On Thursday, two of those senators — Ron Wyden of Oregon and Mark Udall of Colorado — went further. They said a top-secret intelligence operation that is based on that secret legal theory is not as crucial to national security as executive branch officials have maintained.
The senators, who also said that Americans would be “stunned” to know what the government thought the Patriot Act allowed it to do, made their remarks in a letter to Attorney General Eric H. Holder Jr. after a Justice Department official last month told a judge that disclosing anything about the program “could be expected to cause exceptionally grave damage to the national security of the United States.”

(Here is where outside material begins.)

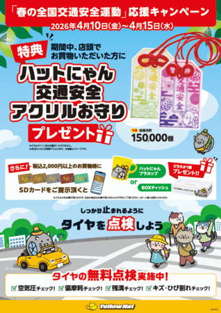 カー用品専門店のイエローハットを全国展開する株式会社イエローハット(代表取締役社長:木村 昭夫)は、2026年4月6日(月)から15日(水)まで実施される内閣府推進「春の全国交通安全運動」に合わせ、交通事故防止を啓発するキャンペーンを4月6日(月)より実施いたします。

The Justice Department has argued that disclosing information about its interpretation of the Patriot Act could alert adversaries to how the government collects certain intelligence. It is seeking the dismissal of two Freedom of Information Act lawsuits — by The New York Times and by the American Civil Liberties Union — related to how the Patriot Act has been interpreted.
The senators wrote that it was appropriate to keep specific operations secret. But, they said, the government in a democracy must act within publicly understood law so that voters “can ratify or reject decisions made on their behalf” — even if that “obligation to be transparent with the public” creates other challenges.
“We would also note that in recent months we have grown increasingly skeptical about the actual value of the ‘intelligence collection operation,”’ they added. “This has come as a surprise to us, as we were initially inclined to take the executive branch’s assertions about the importance of this ‘operation’ at face value.”
The dispute centers on what the government thinks it is allowed to do under Section 215 of the Patriot Act, under which agents may obtain a secret order from the Foreign Intelligence Surveillance Court allowing them to get access to any “tangible things” — like business records — that are deemed “relevant” to a terrorism or espionage investigation.
There appear to be both an ordinary use for Section 215 orders — akin to using a grand jury subpoena to get specific information in a traditional criminal investigation — and a separate, classified intelligence collection activity that also relies upon them.
The interpretation of Section 215 that authorizes this secret surveillance operation is apparently not obvious from a plain text reading of the provision and was developed through a series of classified rulings by the Foreign Intelligence Surveillance Court.